Finally, Kyre et al. (2019) provided a sucrose-based liquid diet containing 10 μg dsRNA/μl to southern pine beetle (Dendroctonus frontalis) adults. While this dsRNA concentration is unrealistically high in relation to what is feasible for RNAi-based plant protection, they nevertheless provided a proof-of-concept that this forest pest species is susceptible to dietary RNAi. Here, RNAi-induced mortality ranged from completely ineffective to 100% mortality, depending on target gene. Taking these data on D. frontalis, and further examining this species’ RNAi sensitivity when exposed to field-realistic concentrations of dietary dsRNA, represents a vital step toward understanding the potential for controlling this forest pest. More broadly, curculionids clearly show variable susceptibility to dietary RNAi. Curculionidae being the largest family in Order Coleoptera, with many curculionid species being detrimental to economically important plant species globally, much more research is needed in order to conclude any patterns regarding RNAi sensitivity in this family. Further studies with curculionids would benefit from including multiple sources of dsRNA consumption (e.g., RNAi cultivar., bacterially expressed dsRNA), as thus far studies in weevils have only examined naked dsRNA in artificial diet.
Family Nitidulidae
Sap beetles (Family Nitidulidae) represent an important family containing several very important plant pest species. The first nitidulid to be examined for sensitivity to dietary RNAi was the small hive beetle (Aethina tumida), a facilitative pest of flowering plant species due to its status as a major pest of honey bees (honey bees being important for sexual reproduction of many flowering plant species). Powell et al. (2017) reported 73–93% adult A. tumida emergence (depending on target gene), compared 100% adult emergence in control group, after 6 days of dietary exposure to 33 μg dsRNA/g artificial diet.
The only other nitidulid to be examined thus far via dietary RNAi is the pollen beetle Brassicogethes aeneus. Knorr et al. (2018) observed at least 90% adult B. aeneus mortality after 14 days, in all four target gene treatments examined, after dietary exposure to water containing 1 μg dsRNA/μl followed by continuous uptake of dsRNA in artificial diet containing 500 ng/cm2. Willow et al. (2020, 2021a,b,c) examined RNAi sensitivity in B. aeneus via multiple field-relevant routes of exposure, and in both adults and larvae.

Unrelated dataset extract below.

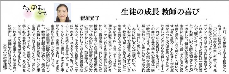 9月24日の沖縄タイムスに教頭先生エッセイが掲載されました。

A SIGS approach to achieving RNAi-induced mortality in B. aeneus, via feeding on dsRNA-treated oilseed rape buds and anthers, leads to variable success in achieving a lethal phenotype in this pest species. Most notably, high concentrations of 2.5–5 μg dsRNA/μl proved effective after 3 days of feeding on dsRNA-treated anthers, while these concentrations and a lower concentration of 0.5 μg dsRNA/μl showed significantly greater efficacy when dsRNA-treated anthers were provided for 17 days (Willow et al., 2021b). This is an important finding due to constant development and senescence of oilseed rape flowers, making successive sprays over the growing season a potential necessity for implementing a SIGS approach. In contrast, 3 days of feeding on treated oilseed rape buds, even when using a dsRNA concentration as high as 5 μg dsRNA/μl, showed negligible effect on B. aeneus adult survival (Willow et al., 2020).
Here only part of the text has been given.